I’ll rest before I go to a concert. I’ll go to the concert. Usually, they tell me I have to be there early. Some of the venues weren’t built to accommodate people like me, and unfortunately, often, the disabled areas are on the side or somewhere out of the way. One thing a lot of people don’t appreciate is that I’ll go to a concert with a group of friends, but get taken off to a special disabled area, away from all my friends. There are so many things. Using the toilet requires a lot of planning because there’s not always enough staff to help get you there. And sometimes, the staff that is there is not properly trained and they get impatient or frustrated.

With the AWMH show, I didn’t have to think about any of that.

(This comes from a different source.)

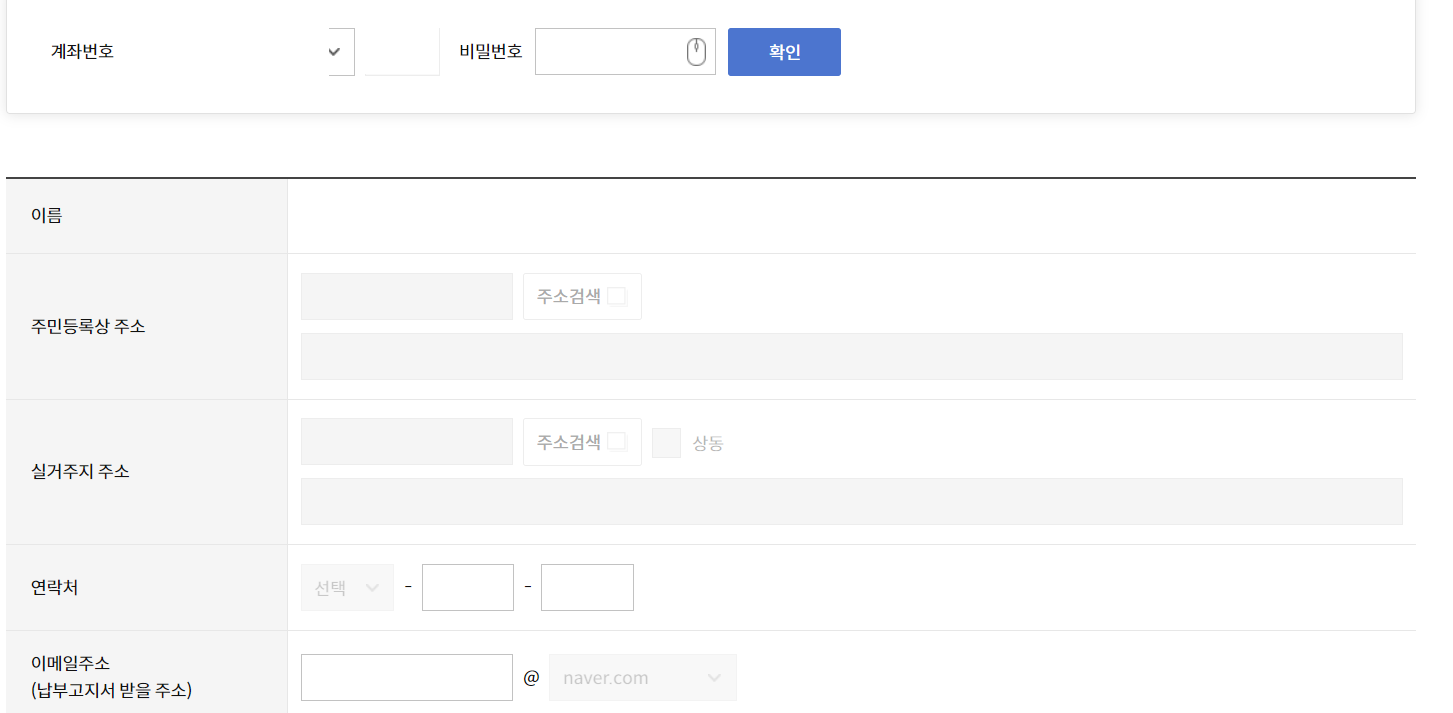 4. 비밀번호 입력 후, 주소지, 고지서를 받을 이메일을 작성하면 됩니다.

We all got to see it in our homes, and we all got to experience the exact same concert. Everyone was as important as everyone else in that audience, and that’s a huge deal for people that are marginalized. Music is huge for a lot of people; it’s what keeps you going in life. For many people, it becomes a reason for “being” in a lot of ways, and it becomes an expression of you as a person. So to be able to access that is really powerful and very important.

The whole reason I wrote to Metallica in the first place was because I really hope that after the pandemic, we see better access for people in general. It’s not just about people with disabilities; it’s about people who wouldn’t be able to afford the kind of money you need to go to these concerts. There are people in other countries that can’t travel to come to you. All those things! And we should, as human beings, be helping each other. The AWMH concert was a way to do all of that, and I hope we have seen the birth of a very important way of including disabled fans like myself at live events.